This time, I’m really struggling.

I’ve always been physically fit and healthy, maintained a size 10-12 figure and worked at being in shape.  I kept up exercise classes in my first 2 pregnancies until 38 weeks.

Before I fell pregnant this time, I was back to my pre-baby size.  I was confident in swimwear.  I didn’t really give much thought to my size and shape in general except that I wanted to continue to be strong and fit.

Then, along came the first trimester of pregnancy number 3, with all it’s weird nausea and cravings and exhaustion and absolutely no resolve to observe any kind of diet – healthy or otherwise.

I found that I didn’t feel like eating most of the time and when I did, all I wanted was junk, sugary snacks and carbs!  I had even less interest in exercise and although I still kept up with my Body Pump classes, I was only making 1 session a week, then 1 session a fortnight.  I was so exhausted.  And the more I missed, the harder it got when I did go.

Fortunately, I am approaching the end of the second trimester and the past few weeks have been much easier.  But the damage is already done and I am out of shape and acutely aware of this.  I feel heavy and unfit.  On top of that, my bump is way bigger than in my previous pregnancies.  I’m told this is a ‘third baby thing’ and all my measurements are fine for the gestational week so nothing to worry about.  But I feel like a blob.

This is all hard enough to cope with, when you’re hormonal and an emotional wreck… but now I’m finding that people are commenting on it and I hate it!

Why do people feel that it’s ok to comment on your weight/size/shape when you are pregnant?  And not just strangers, but close friends and family members too, who surely know that this would hurt my feelings.

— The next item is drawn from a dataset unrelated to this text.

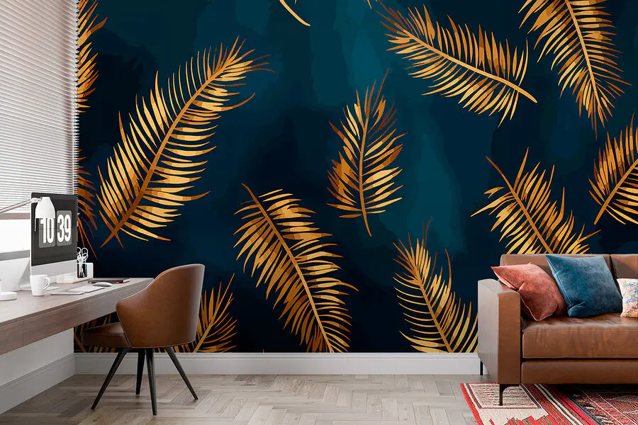 Фотошпалери Бронзове листя на тлі темної елегантності

Have I lost my sense of humour in the jumble of hormones and anxiety?  Or is this unacceptable?

Why does it bother me?  And what is an appropriate response?  Am I being unreasonable?  Or are they? – with their observations that ‘I must be nearly due’ and ‘my arse is as big as my bump’ (yes, really!).

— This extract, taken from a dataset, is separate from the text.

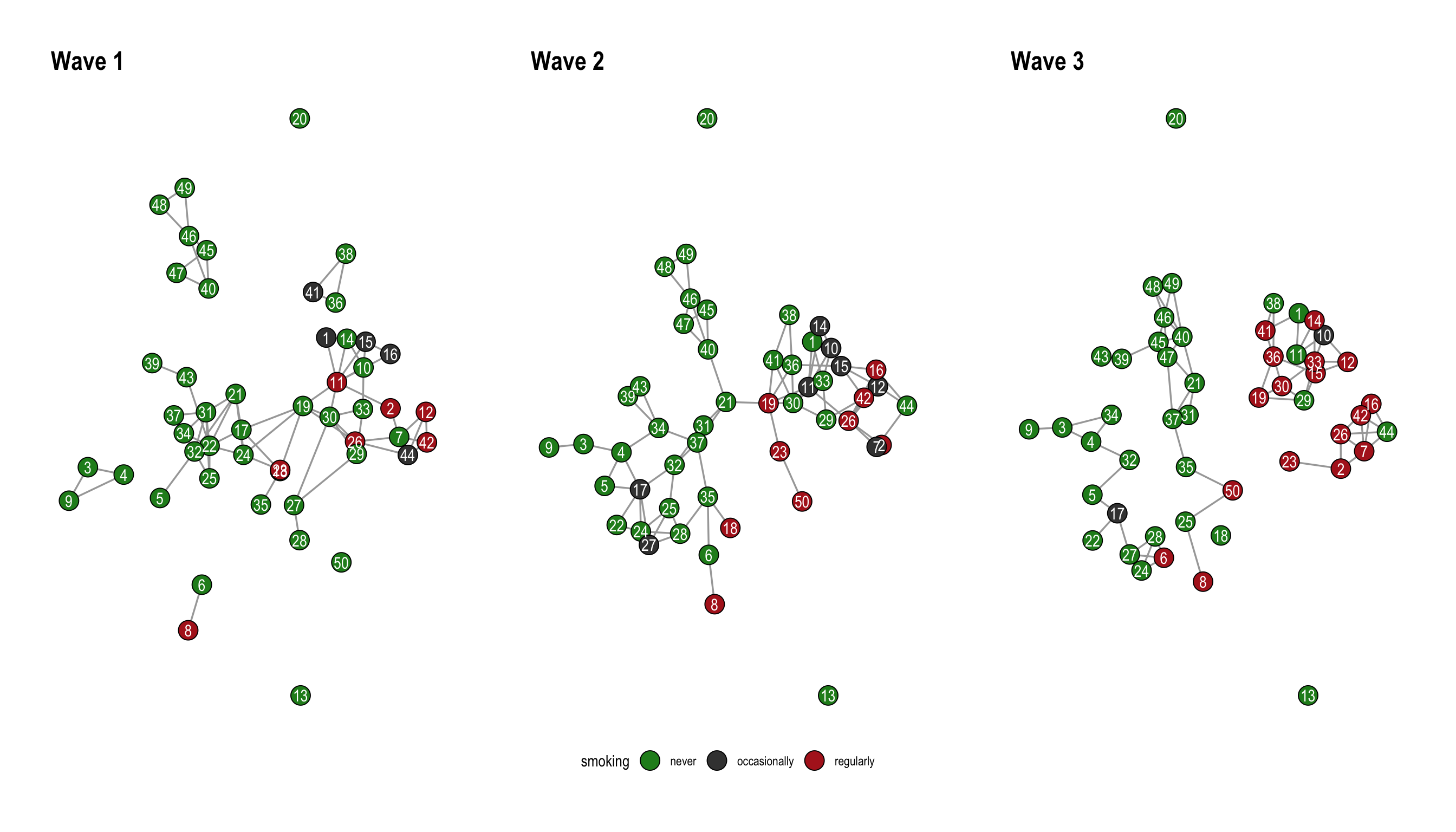 data("s50")The dataset consists of three networks with 50 student together with their smoking behavior as a node attribute. The function layout_as_dynamic() from graphlayouts can be used to visualize the three networks. The implemented algorithm calculates a reference layout which is a layout of the union of all networks and individual layouts based on stress minimization and combines those in a linear combination which is controlled by the alpha parameter. For alpha = 1, only the reference layout is used and all graphs have the same layout. For alpha=0, the stress layout of each individual graph is used. Values in-between interpolate between the two layouts. The algorithm is not directly usable with ggraph, so we need to calculate the layout separately and then use the resulting coordinates in ggraph with the “manual” layout.

At this point, I’m worried about what the final trimester holds and exactly how big I’m likely to get.  This is a particular concern since I’ll be reaching my due date in the height of summer – when I imagine all I will want to wear will be bra and pants!!!  Perhaps a Muumuu is the way to go!?

Is it just me or is there this assumption that pregnant women don’t have ‘body image issues’ because we’ve chosen this weight gain and all that comes with it.  I don’t think the non-pregnant community realise how emotionally challenging this can be.  It is, quite literally the elephant in the room (!).